ETHNONYM: Eireanneach


Orientation

Identification and Location. For the Irish and Ireland, identification and location are inextricably linked aspects of self-definition. Ireland, located between 51°30′ and 55°30′ N and 6°00′ and l0°30′ W, is an island 480 by 273 kilometers at its longest and widest (N-S and E-W, respectively). It is separated on the east from Great Britain by the narrow Irish Sea (17 to 192 kilometers wide). To the west is the Atlantic Ocean. The island consists mainly of low-lying land whose central lowlands support rich pastureland, agricultural Regions, and a large central peat bog. The rim is mountainous, especially in the west, but elevations are rarely higher than 900 meters. Ireland's geographical location—combining proximity to England with peripherality vis-à-vis Europe—has played the major role in defining its historical experience. This relationship has also made the definition of just who and what is Irish problematic. Centuries of British rule culminated in the division of the island in 1922 into two political entities: the Republic (Free State from 1922 to 1949) of Ireland, comprising twenty-six counties and 70,550 square kilometers, and the Province of Northern Ireland, comprising six counties and remaining part of the United Kingdom. The population of the republic is 95 percent Catholic and that segment identifies itself unambiguously as Irish. Members of the Protestant minority may choose to emphasize their English ancestry, but they typically call themselves "Irish"—or "Anglo-Irish" as they are identified by their Irish Catholic neighbors. In Northern Ireland, however, the situation is more complex. The substantial Catholic minority—whatever their political affiliation—consider themselves ethnically Irish, while the subjective and objective identification of Protestants has been far more fluctuating and context-dependent. At various points, they may identify themselves as "Irish," "Ulster," "Ulster Protestant," or "British." The merging of Religious, geographical, and ethnic labels is also applied from the outside. Irish Catholics may use a variety of such terms to identify their neighbors, and the choice of label nearly always has a political subtext.
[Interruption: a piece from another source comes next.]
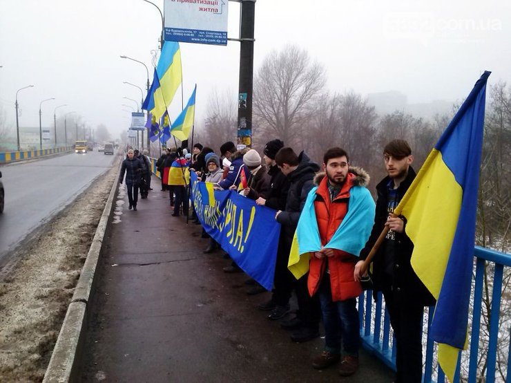 В Днепродзержинске активисты также образовали "Цепь Единения".

Demography. The population of the Republic of Ireland was 3,540,643 in 1986, representing an increase of 97,238 persons since the 1981 census. The population, which began a steep decline during the late 1840s famine, has been increasing since the 1961 census and has now been restored to the level of 1889-90. However, a recent decline in the birth-rate and a leap in the emigration rate (at least 72,000 Between 1981 and 1986), makes the demographic future uncertain. The high birthrate in the sixties and seventies has made Ireland one of the youngest countries in Europe, and migration to Dublin has made the population far more urban than it had been up until recently (57 percent urban, 43 percent rural), with close to a third of the population living in Dublin County.
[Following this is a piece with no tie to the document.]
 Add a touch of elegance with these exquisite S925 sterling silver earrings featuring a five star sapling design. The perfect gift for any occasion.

Linguistic Affiliation. Although Irish Gaelic is the official language of the republic, the vast majority of people on both sides of the border speak English. Irish is the daily language of only tens of thousands (disputed number) of inhabitants of scattered Gaeltacht zones mainly along the west coast. Irish Gaelic, a Celtic language, has three main dialects and is closely related to Scottish Gaelic. The Goidelic Branch of the Celtic languages also includes Manx (once spoken on the Isle of Man), while the Brythonic Branch is represented by Welsh and Breton. The language issue has played a central part in the ethnic identity issues previously mentioned. Although Irish Gaelic was by the late nineteenth century very much a minority language, proponents of Irish nationalism (Protestant and Catholic) favored the restoration of the "national language" as a critical element in the maintenance of a distinct national identity and culture. Government measures meant to ensure this restoration have gradually relaxed over the decades, however, and despite the persistence of Irish in a few enclaves and a lively Irish-language literary and cultural scene, English is clearly the de facto national language.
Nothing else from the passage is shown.